- Opening Delimiter -

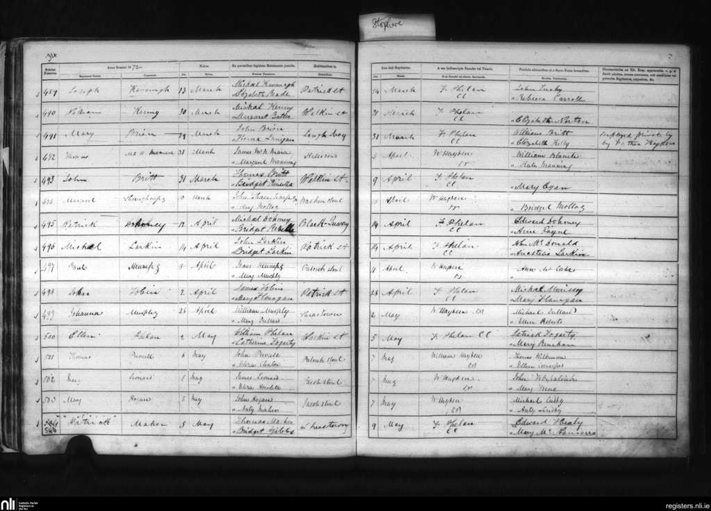 St. Patrick's, Kilkenny city; County of Kilkenny; Diocese of Ossory. Baptisms, Mar. 1872 to May 1872
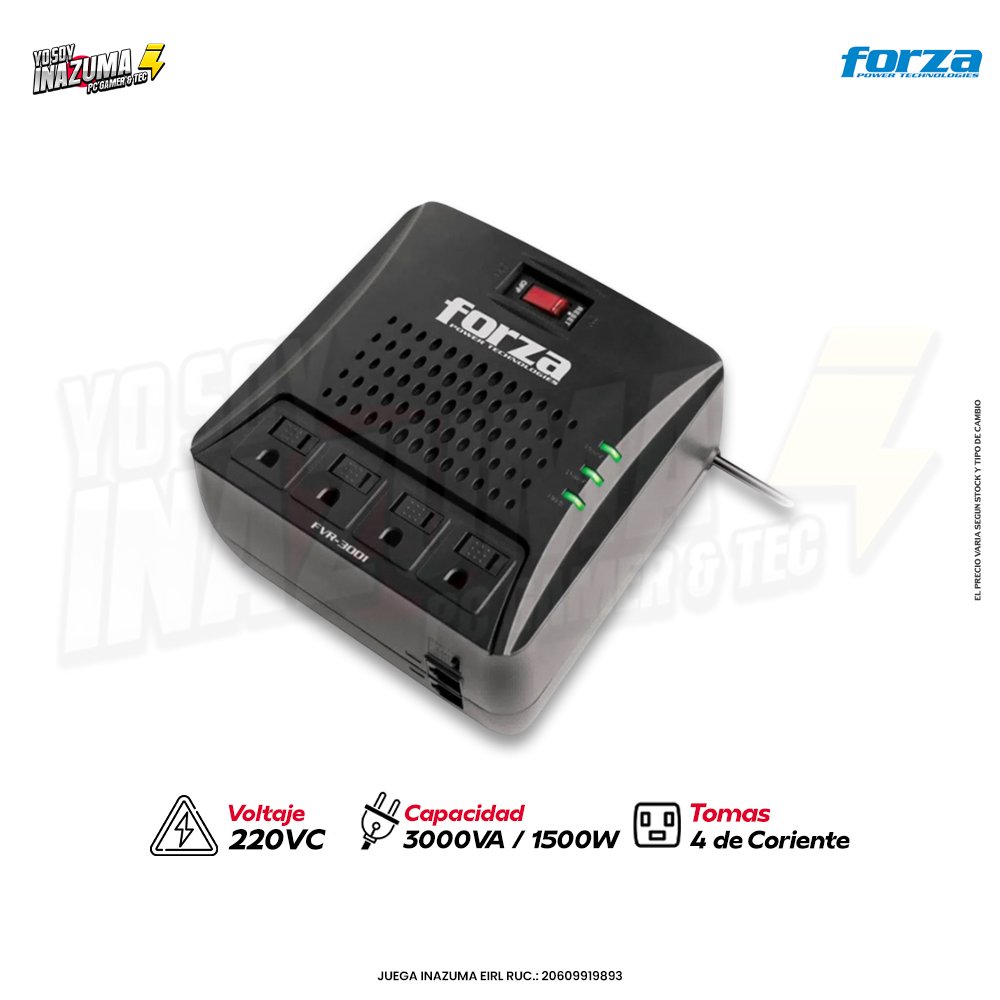 El Forza FVR-3002 es un regulador automático de voltaje (AVR) diseñado para proteger equipos electrónicos frente a fluctuaciones de tensión, picos de voltaje y caídas en la red. Su capacidad es de 3000 VA / 1500 W.
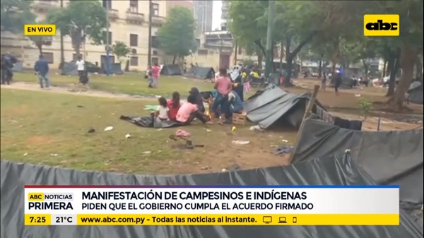 Unas 14 comunidades de familias indígenas provenientes de Caaguazú y Alto Paraná se encuentran apostadas en la plaza de Armas de Asunción solicitando regulación de tierras malhabidas y una mejor atención, en cuanto a servicios básicos.
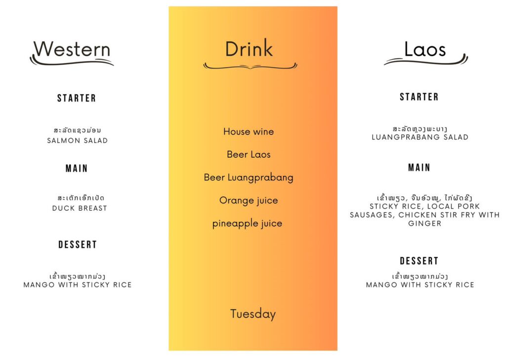 럭셔리 선셋 디너 크루즈 :파인 다이닝 인 크루즈: (RIVER SUN LAOS) 루앙프라방에서 멋진 선셋 크루즈를 경험할 준비가 되셨나요? 메콩강에서 새로운 럭셔리 선셋 크루즈를 경험하세요! 메콩강을 따라 펼쳐지는 새로운 럭셔리 크루즈에서 탁 트인 일몰을 감상하며 멋진 저녁 식사를 즐겨보세요! *디너 메뉴는 매일 변경 됩니다* [크루즈 운영시간] 16:30-19:00 (시즌에 따라 변동가능) *정확한 출발 시간은 별도 안내 드립니다. *출발시간 20분 전 까지 체크인 장소에 도착 하셔야 합니다. [메뉴 안내] 음식은 양식과 라오스식 중 선택 가능합니다. 아래 메뉴는 샘플이며 매일 변경됩니다. (일반적으로 양식 선택을 많이 하십니다)
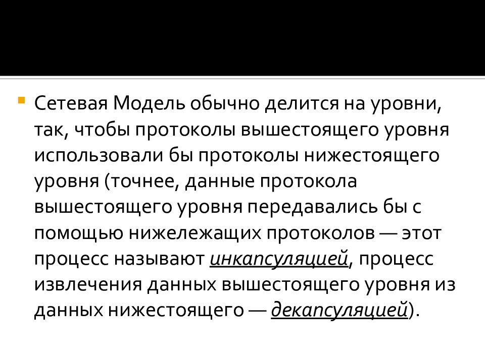 Сетевая Модель обычно делится на уровни, так, чтобы протоколы вышестоящего уровня использовали бы протоколы нижестоящего уровня (точнее, данные протокола вышестоящего уровня передавались бы с помощью нижележащих протоколов — этот процесс называют инкапсуляцией, процесс извлечения данных вышестоящего уровня из данных нижестоящего — декапсуляцией ).

- Closing Delimiter -

WHAT THE TASK REQUIRES:
Repeat the listing above from its first line through the line that contains "Unas 14 comunidades", both included, and nothing more. Drop the pictures.

TASK OUTPUT:
 St. Patrick's, Kilkenny city; County of Kilkenny; Diocese of Ossory. Baptisms, Mar. 1872 to May 1872
 El Forza FVR-3002 es un regulador automático de voltaje (AVR) diseñado para proteger equipos electrónicos frente a fluctuaciones de tensión, picos de voltaje y caídas en la red. Su capacidad es de 3000 VA / 1500 W.
 Unas 14 comunidades de familias indígenas provenientes de Caaguazú y Alto Paraná se encuentran apostadas en la plaza de Armas de Asunción solicitando regulación de tierras malhabidas y una mejor atención, en cuanto a servicios básicos.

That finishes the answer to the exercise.